O sigilo do procedimento arbitral é apontando como grande vantagem
para as partes em litígio, uma vez que pode representar o não
conhecimento pelo mercado de divergências entre parceiros comerciais
ou ainda preservar o relacionamento de contratantes quando o litígio
diz respeito a quantias e matérias menos relevantes dentro de um
cenário
maior de sua atuação.
Na arbitragem estatutária também se segue algumas regras
costumeiras dos procedimentos das arbitragens comerciais. Nesse sentido,
o item 7.12. do Regulamento de Arbitragem da Câmara de Arbitragem
do Mercado (CAM), estabelece que os árbitros, o secretário
geral e as partes se comprometem a guardar sigilo sobre a arbitragem.
Devem ser discutidos os limites da confidencialidade, uma vez que os
litígios societários podem produzir efeitos que extrapolem
as esferas jurídicas das partes do procedimento. Ou seja, um acionista
minoritário pode requerer a instauração de procedimento
arbitral contra companhia listada no Novo Mercado para discutir o valor
de reembolso de suas ações em virtude do eventual exercício
do direito de retirada, mas, em decorrência da confidencialidade
de tal procedimento, os demais acionistas, que, eventualmente, se encontrem
na mesma situação, não terão conhecimento deste
procedimento.
Nesse sentido, questiona-se se a confidencialidade seria um mecanismo
de proteção da companhia e de seus acionistas controladores
e, ainda, se ela deveria ser relativizada no âmbito das arbitragens
estatutárias.
Há formas concretas de garantir o direito de informação
aos acionistas
A Comissão de Valores Mobiliários (CVM) teve oportunidade
de analisar algumas dessas questões no julgamento do processo administrativo
nº 2008/0713, em que um investidor de companhias listadas no Novo
Mercado encaminhou reclamação à CVM aduzindo que o
sigilo nos procedimentos arbitrais patrocinados pela CAM representaria
violação ao direito essencial dos acionistas à fiscalização
dos negócios sociais.
Em seu voto, o diretor-relator Otávio Yazbec demonstrou que
o direito de fiscalização dos acionistas, garantido pelo
artigo 109, inciso III, da Lei nº 6.404, de 1976, e o consequente
dever de a companhia prestar informações (artigo 157, da
Lei das Sociedades Anônimas), não conflitariam de forma direta
com a característica da confidencialidade dos procedimentos arbitrais.

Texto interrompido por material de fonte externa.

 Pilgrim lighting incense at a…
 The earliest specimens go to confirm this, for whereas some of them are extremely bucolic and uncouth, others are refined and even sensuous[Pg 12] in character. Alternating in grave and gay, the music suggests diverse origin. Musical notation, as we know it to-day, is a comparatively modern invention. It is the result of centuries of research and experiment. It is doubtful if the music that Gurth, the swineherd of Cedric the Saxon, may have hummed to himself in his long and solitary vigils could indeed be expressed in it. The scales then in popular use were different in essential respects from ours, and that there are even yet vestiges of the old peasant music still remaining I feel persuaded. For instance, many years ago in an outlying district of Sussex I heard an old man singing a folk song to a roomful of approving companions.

Com efeito, o diretor reconheceu que, em alguns casos concretos, pode haver
conflito entre a confidencialidade e o dever de prestação
de informações, mas o ordenamento jurídico fornece
mecanismos para ressalvar os direitos dos acionistas.
Conforme decidido pela CVM, o direito à informação
do acionista não é absoluto e aplicável em toda e
qualquer hipótese. A esse direito se opõe o interesse da
companhia que faz com que nem tudo tenha que ser divulgado aos acionistas.
De fato, o artigo 157 da Lei das S.A. não criou para os acionistas
um direito genérico, amplo e imutável ao acesso às
informações da companhia.
Nesse sentido, a Instrução CVM nº 358, de 2002,
que dispõe sobre a divulgação de informações
pelas companhias, determina em seus artigos 1º e 2º, que a sociedade
está obrigada a divulgar somente as informações que
tenham caráter de relevância e possam impactar na avaliação
dos negócios sociais pelo mercado.
Dessa forma, os acionistas não têm um direito genérico
ao conhecimento de todo e qualquer procedimento arbitral que a companhia
esteja envolvida. Entretanto, se, no caso concreto, verificar-se que tal
procedimento possa produzir efeitos significativos sobre a avaliação
da companhia feita pelo mercado, esta deverá informar, a todos os
acionistas e interessados, sobre a existência do procedimento arbitral
e dos possíveis efeitos que ele poderá produzir.
Ademais, do ponto de vista contábil-financeiro, os interesses
dos acionistas e de potenciais investidores da companhia estão resguardados,
na medida em que, caso o insucesso da companhia em um procedimento arbitral
possa impactar significativamente nas contas sociais, a companhia deverá
constituir a provisão em suas demonstrações financeiras
de verbas para satisfazer esse passivo.
Vale ressaltar que o regulamento da CAM encontra-se sob processo de
revisão e pretende-se adotar medidas, como a divulgação
das sentenças arbitrais proferidas - sem a identificação
das partes - para relativizar a confidencialidade de tais procedimentos
e permitir aos acionistas um maior conhecimento sobre o posicionamento
de tribunais arbitrais.
Dessa forma, o sigilo dos procedimentos arbitrais não representa
um obstáculo à utilização deste mecanismo alternativo
de solução de controvérsias pelas companhias brasileiras,
havendo inclusive formas concretas de garantir o direito de informação
aos acionistas quando tais procedimentos possam repercutir significativamente
sobre os negócios sociais. (Ana Carolina Weber - Valor
Online)
04.07 - Justiça dá mais atrasados em revisão por
invalidez
A Justiça Federal do Paraná aumentou os atrasados de
um segurado do INSS que tem direito à revisão da aposentadoria
por invalidez concedida entre 2001 e 2009.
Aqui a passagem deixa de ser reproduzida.